BYć może przyczyna tkwi w pracy twardego dysku. W czasie rekalibracji dysku, czyli wyrównywania pozycji głowic zapisująco-odczytujących, nie może bowiem dostarczać danych. Aby wypełnić tę lukę, nagrywarka musi czerpać dane z pamięci podręcznej. Jeśli przed rozpoczęciem kalibracji termicznej była pełna, nagrywarka ma pewien zapas, z którego może przez chwilę czerpać dane, nim otrzyma kolejną partię. Sięgnijmy do konkretów: bufor nagrywarki mieści zwykle 1 MB (tj. 1024 Kb) danych, a przepływ danych przy podwójnej prędkości zapisu wynosi 300 Kb/s. 1024/300 Kb daje w wyniku niecałe 3,5 sekundy. Nowoczesne twardziele rekalibrują głowicę w mniej nież 1 sekundę. Przy czterokrotnej prędkości zapisu, gdzie przepłwy danych wynosi 600 Kb, bufor opróżnia się już po niecałych 1,7 sekundy.

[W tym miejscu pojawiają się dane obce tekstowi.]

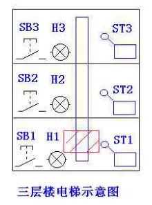 电梯的上升、下降由一台电动机控制;正转时电梯上升、反转时电梯下降。各层设一个呼叫开关(SB1、SB2、SB3)、一个呼叫指示灯(H1、H2、H3)、一个到位行程开关(ST1、ST2、ST3)。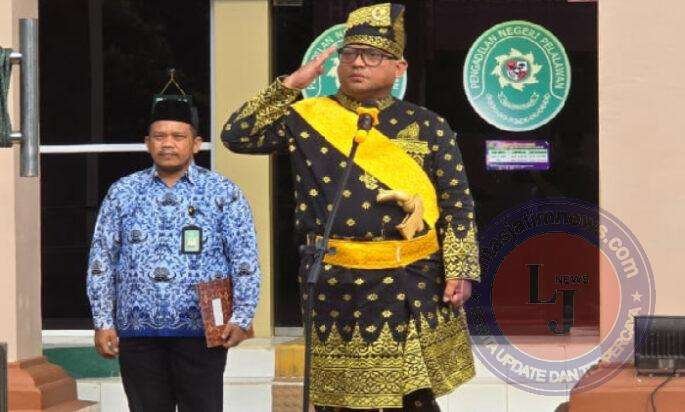 PELALAWAN lintasjatimnews.com – Pada upacara dengan tema “Pancasila jiwa pemersatu bangsa menuju Indonesia emas 2045,” Tampak Ketua PN Pelalawan Benny Arisandy, SH.MH yang bergelar Datuk Seri Abdi Arif Penimbang Negeri saat bertindak sebagai inspektur upacara berpakaian baju adat melayu Riau.
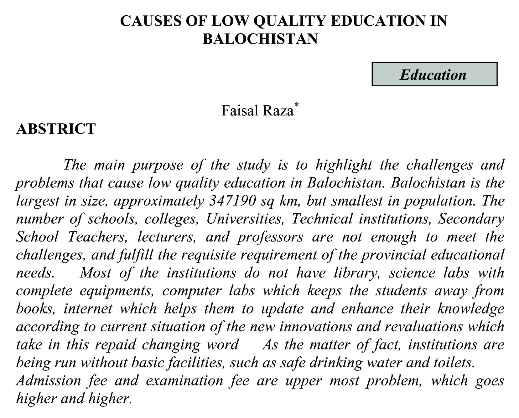 CAUSES OF LOW QUALITY EDUCATION IN BALOCHISTAN (abstract)
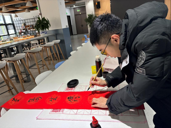 煮饺子期间,叶书源同学提笔写了一副关于冬至的对联,为这热闹的冬至包饺子活动增添了一抹浓郁的文化气息。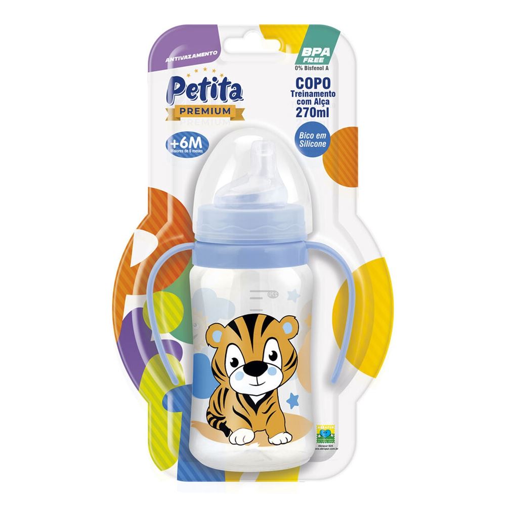 Copo de Treinamento Petita C/Alça Cristal/Azul 270ml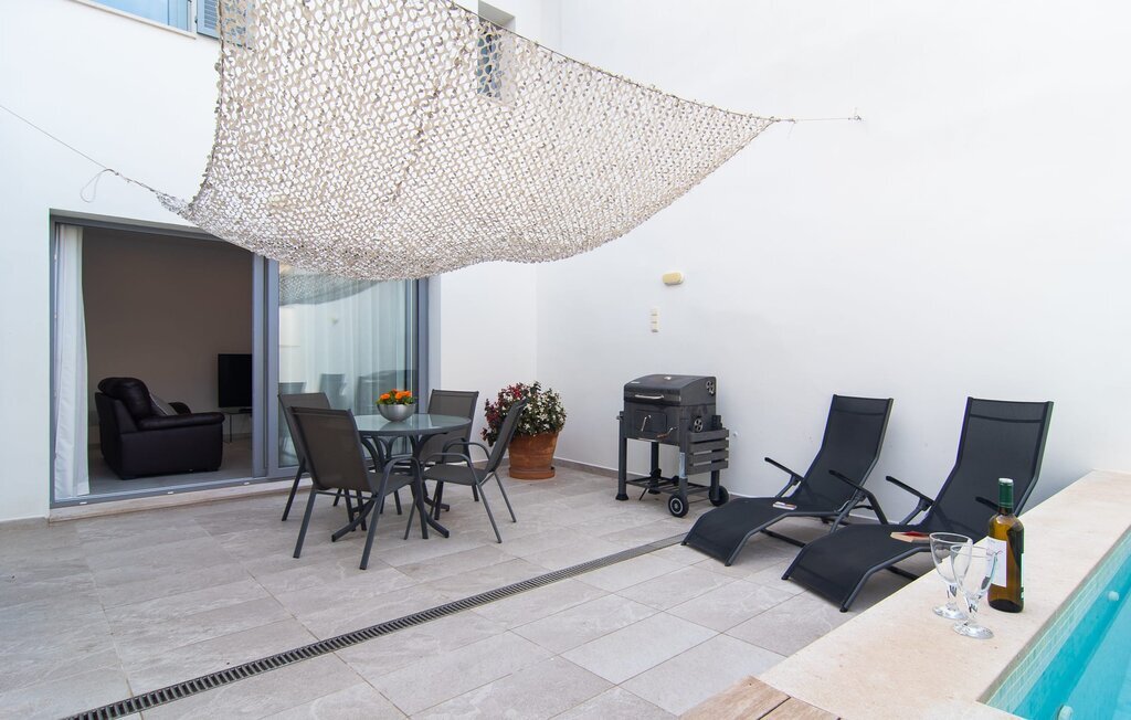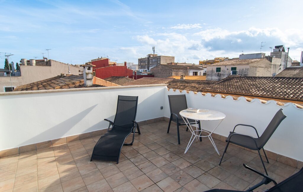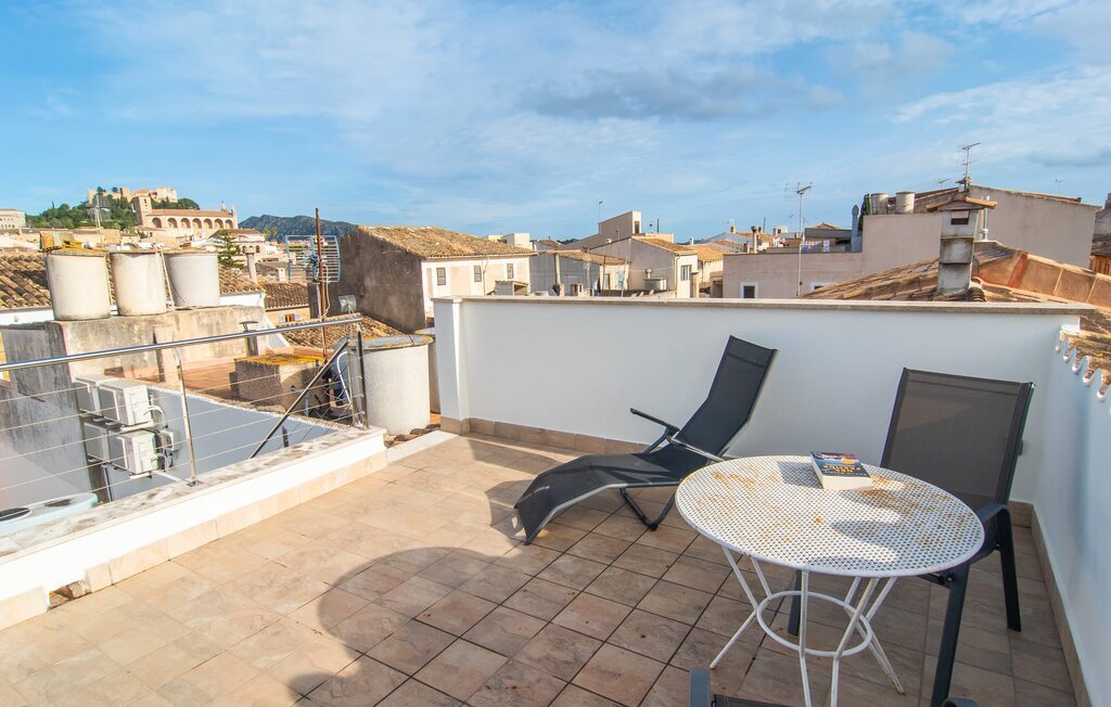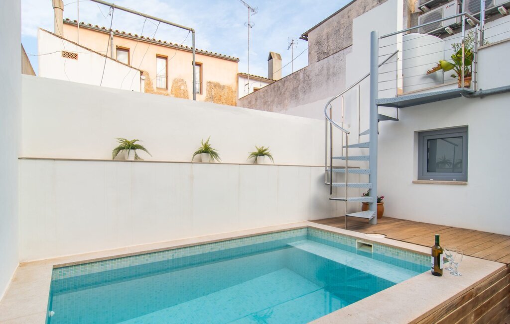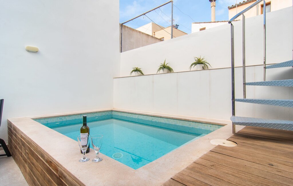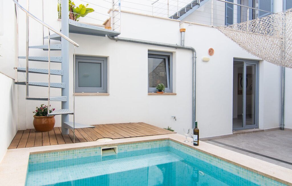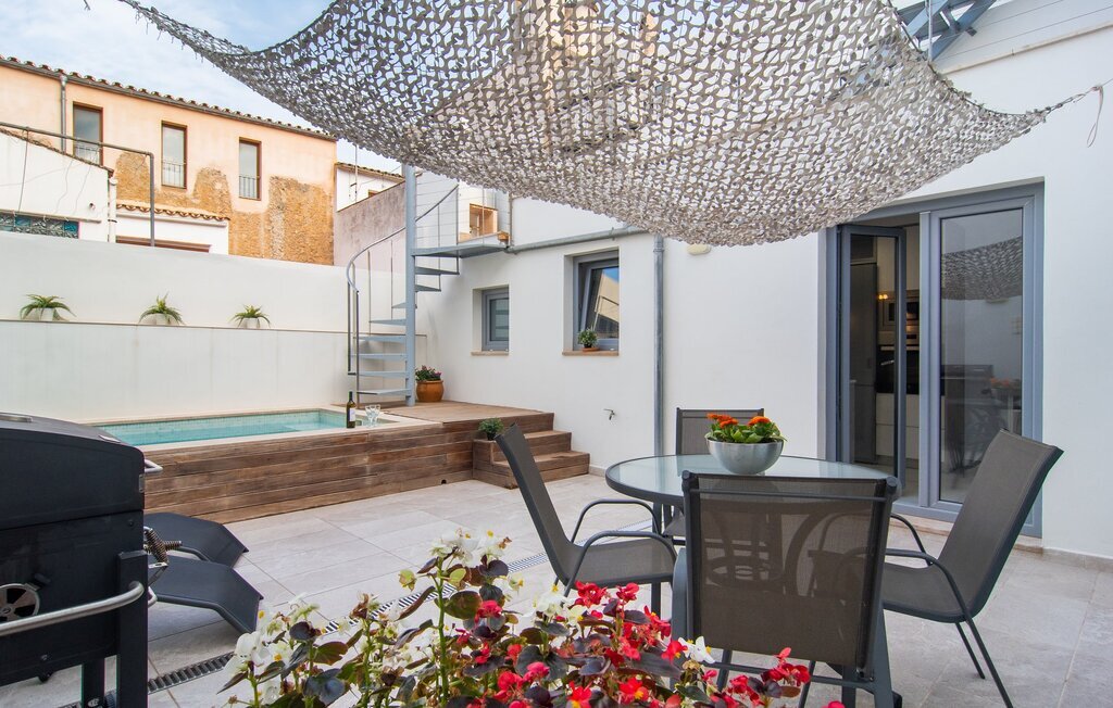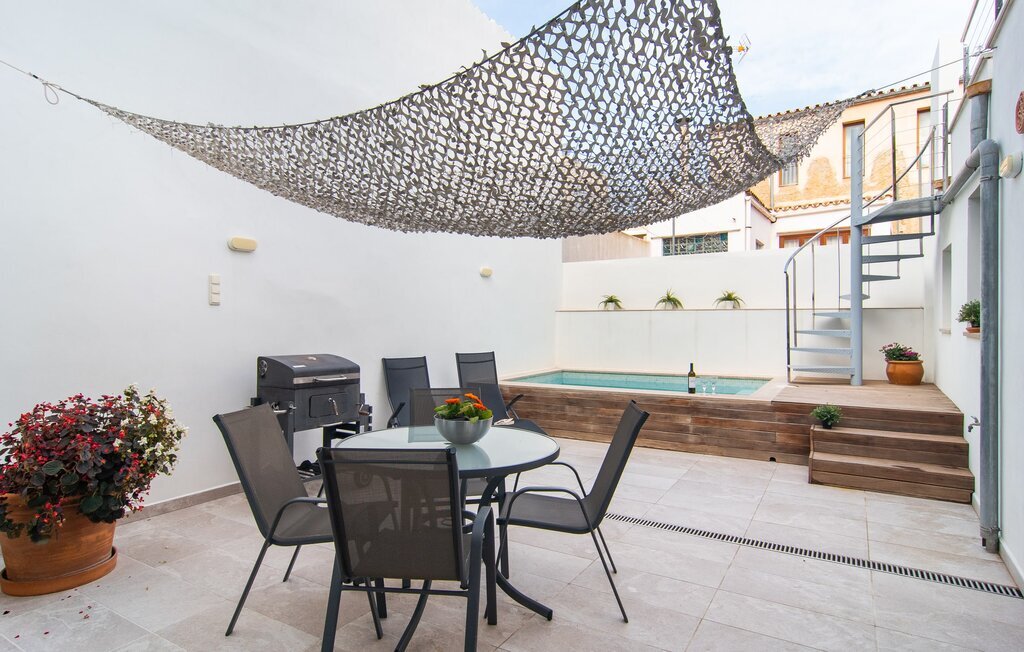 Le patio se prête parfaitement à la vie en plein air, avec une table à manger pour des repas conviviaux, des chaises longues confortables pour se détendre et un barbecue moderne au charbon de bois pour les grillades. La piscine et son espace à bulles offrent des moments rafraîchissants, tandis que la combinaison de jolis carreaux et de bois crée une atmosphère accueillante. Un escalier en colimaçon permet d'accéder à la terrasse sur le toit, d'où l'on a une vue imprenable sur les toits d'Artà.

Nie zawsze można jednak mieć pewność, że w momencie rekalibracji pamięć podręczna jest pełna.
Wydajność dysku spada też w bardzo dużym stopniu, gdy głowica zapisu/odczytu musi często zmieniać pozycję. Ma to miejsce wtedy, gdy nagrywasz na płytę dużą liczbę małych plików. W tym wypadku zaleca się utworzyć przed ich fizycznym nagrywaniem ich obraz na dysku albo skopiować je na osobny dysk (partycję).
Gwałtowne ruchy głowic mają również miejsce przy dużym stopniu fragmentacji danych na dysku. Pliki nie są wówczas składowane w całości, lecz podzielone na kawałki, które są porozrzucane po całej powierzchni dysku (miejsca, gdzie w momencie zapisu akurat było pusto). Dlatego też zdefragmentuj dysk programem Defrag (bądź Speed Disk, o ile posiadasz pakiet Norton Utilities), zanim założysz plik fizycznego obrazu przegrywanych danych. Najlepiej jest przeznaczyć oddzielną partycję na dysku tylko do celów nagrywania i właśnie na niej umieszczać plik fizycznego obrazu. Nie jest to może dość wygodne, poza tym zajmuje dużą ilość powierzchni dyskowej, lecz stanowi w miarę pewną metodę omijania błędów związanych z opróżnieniem bufora.